• [EXTRACTED MATERIAL]:

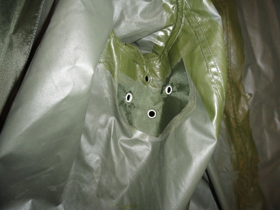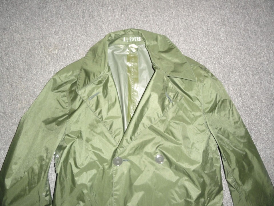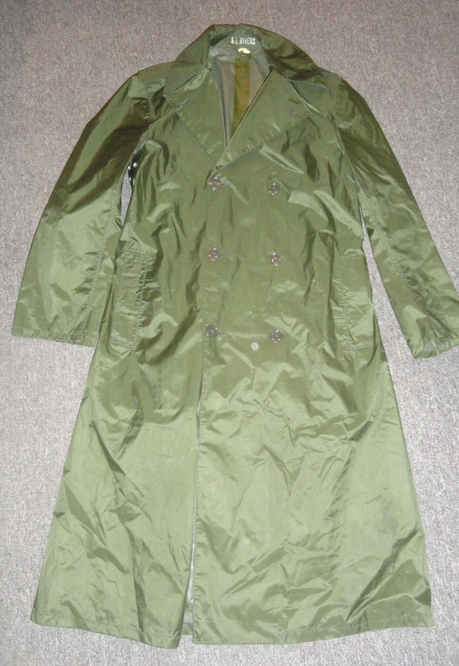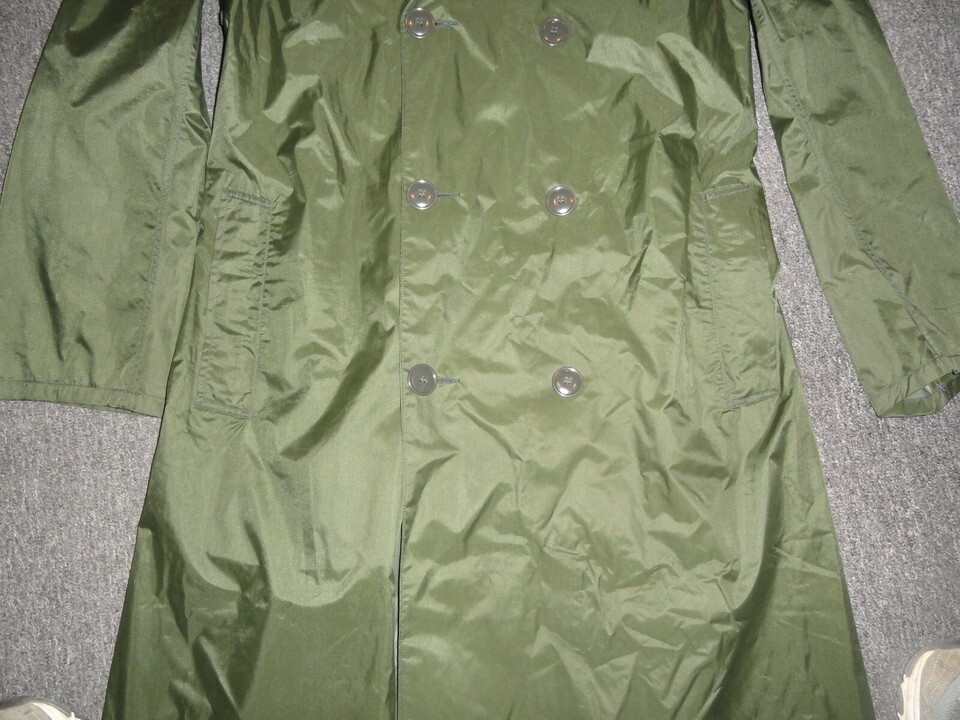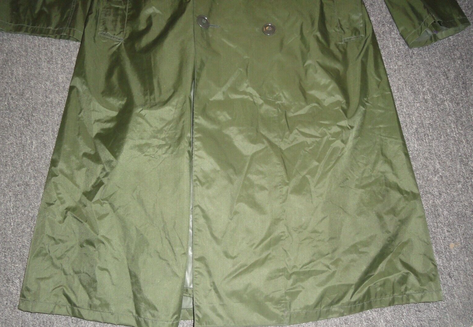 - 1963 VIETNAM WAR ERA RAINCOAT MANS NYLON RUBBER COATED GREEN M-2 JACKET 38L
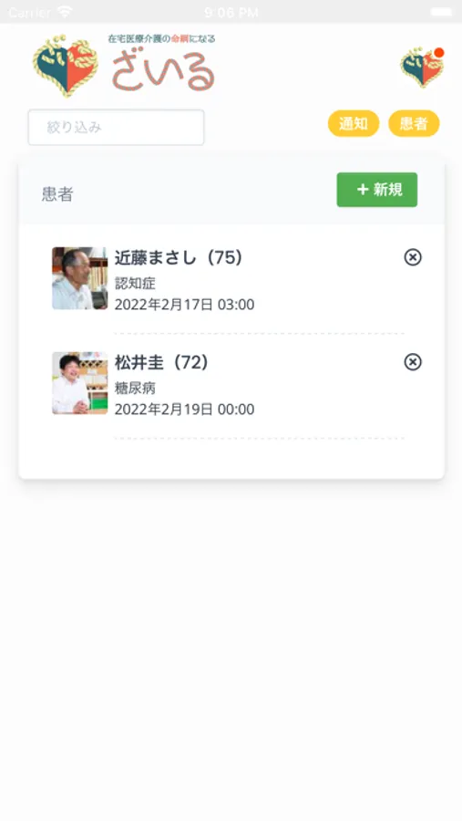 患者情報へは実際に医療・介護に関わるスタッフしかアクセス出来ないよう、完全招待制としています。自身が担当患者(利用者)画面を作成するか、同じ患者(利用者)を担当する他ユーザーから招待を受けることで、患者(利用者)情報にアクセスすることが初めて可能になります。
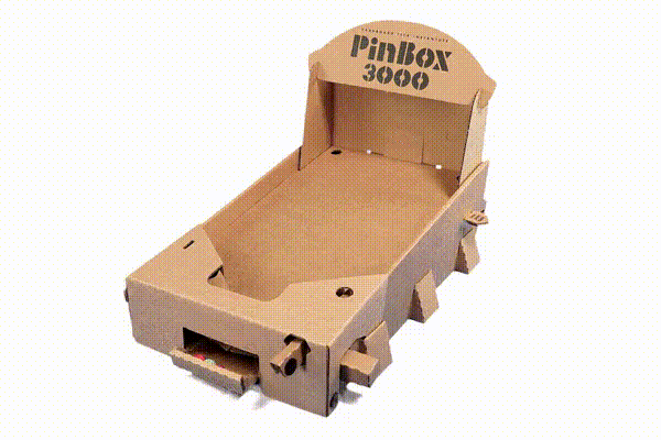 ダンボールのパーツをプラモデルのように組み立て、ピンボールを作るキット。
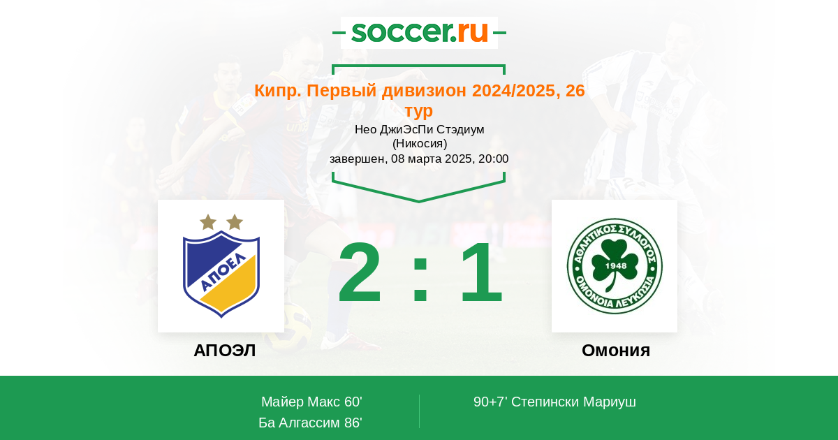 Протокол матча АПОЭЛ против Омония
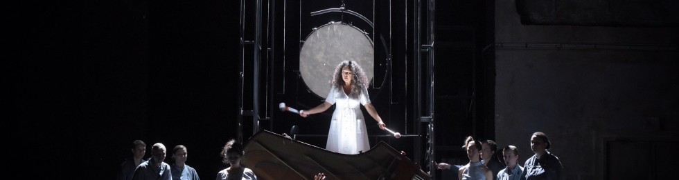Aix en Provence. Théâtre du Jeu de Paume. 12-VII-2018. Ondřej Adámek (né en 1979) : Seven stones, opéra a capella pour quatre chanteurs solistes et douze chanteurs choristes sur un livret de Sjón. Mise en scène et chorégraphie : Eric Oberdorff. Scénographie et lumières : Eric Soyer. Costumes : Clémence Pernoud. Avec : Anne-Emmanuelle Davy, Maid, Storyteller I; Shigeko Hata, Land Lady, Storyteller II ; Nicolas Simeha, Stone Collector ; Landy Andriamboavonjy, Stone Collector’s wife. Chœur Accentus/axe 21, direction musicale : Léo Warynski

• [WHAT YOU NEED TO DO]: The preceding entries are to be written out again exactly, with the pictures removed.

• [THE COMPLETED TASK]:
 - 1963 VIETNAM WAR ERA RAINCOAT MANS NYLON RUBBER COATED GREEN M-2 JACKET 38L
 患者情報へは実際に医療・介護に関わるスタッフしかアクセス出来ないよう、完全招待制としています。自身が担当患者(利用者)画面を作成するか、同じ患者(利用者)を担当する他ユーザーから招待を受けることで、患者(利用者)情報にアクセスすることが初めて可能になります。
 ダンボールのパーツをプラモデルのように組み立て、ピンボールを作るキット。
 Протокол матча АПОЭЛ против Омония
Aix en Provence. Théâtre du Jeu de Paume. 12-VII-2018. Ondřej Adámek (né en 1979) : Seven stones, opéra a capella pour quatre chanteurs solistes et douze chanteurs choristes sur un livret de Sjón. Mise en scène et chorégraphie : Eric Oberdorff. Scénographie et lumières : Eric Soyer. Costumes : Clémence Pernoud. Avec : Anne-Emmanuelle Davy, Maid, Storyteller I; Shigeko Hata, Land Lady, Storyteller II ; Nicolas Simeha, Stone Collector ; Landy Andriamboavonjy, Stone Collector’s wife. Chœur Accentus/axe 21, direction musicale : Léo Warynski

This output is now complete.